Work item: What you should repeat is the run of lines from the top of the listing below through the line with "Ook de Romantiek", exactly, with no pictures.

Source material:

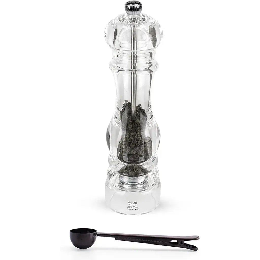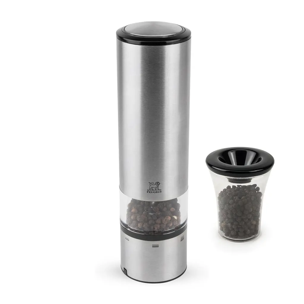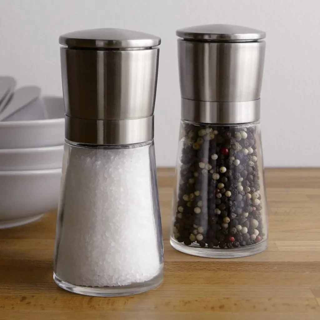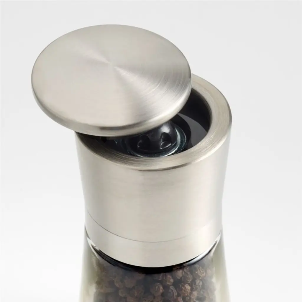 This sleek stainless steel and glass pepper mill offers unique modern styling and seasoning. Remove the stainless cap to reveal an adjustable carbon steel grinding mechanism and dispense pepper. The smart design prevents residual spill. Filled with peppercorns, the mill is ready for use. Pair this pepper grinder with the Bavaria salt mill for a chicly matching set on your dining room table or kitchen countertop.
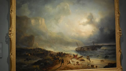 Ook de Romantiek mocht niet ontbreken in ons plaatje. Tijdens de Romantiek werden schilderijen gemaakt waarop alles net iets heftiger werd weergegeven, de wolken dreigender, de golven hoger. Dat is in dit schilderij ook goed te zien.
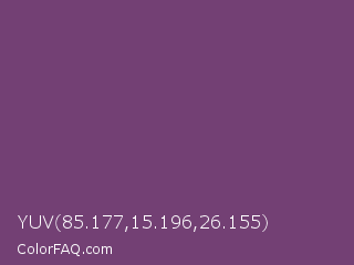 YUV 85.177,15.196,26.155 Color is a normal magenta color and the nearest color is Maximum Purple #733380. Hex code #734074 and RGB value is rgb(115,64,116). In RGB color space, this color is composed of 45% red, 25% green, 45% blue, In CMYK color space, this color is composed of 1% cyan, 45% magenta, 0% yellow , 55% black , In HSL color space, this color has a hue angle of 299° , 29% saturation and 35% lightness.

Problem solution:
 This sleek stainless steel and glass pepper mill offers unique modern styling and seasoning. Remove the stainless cap to reveal an adjustable carbon steel grinding mechanism and dispense pepper. The smart design prevents residual spill. Filled with peppercorns, the mill is ready for use. Pair this pepper grinder with the Bavaria salt mill for a chicly matching set on your dining room table or kitchen countertop.
 Ook de Romantiek mocht niet ontbreken in ons plaatje. Tijdens de Romantiek werden schilderijen gemaakt waarop alles net iets heftiger werd weergegeven, de wolken dreigender, de golven hoger. Dat is in dit schilderij ook goed te zien.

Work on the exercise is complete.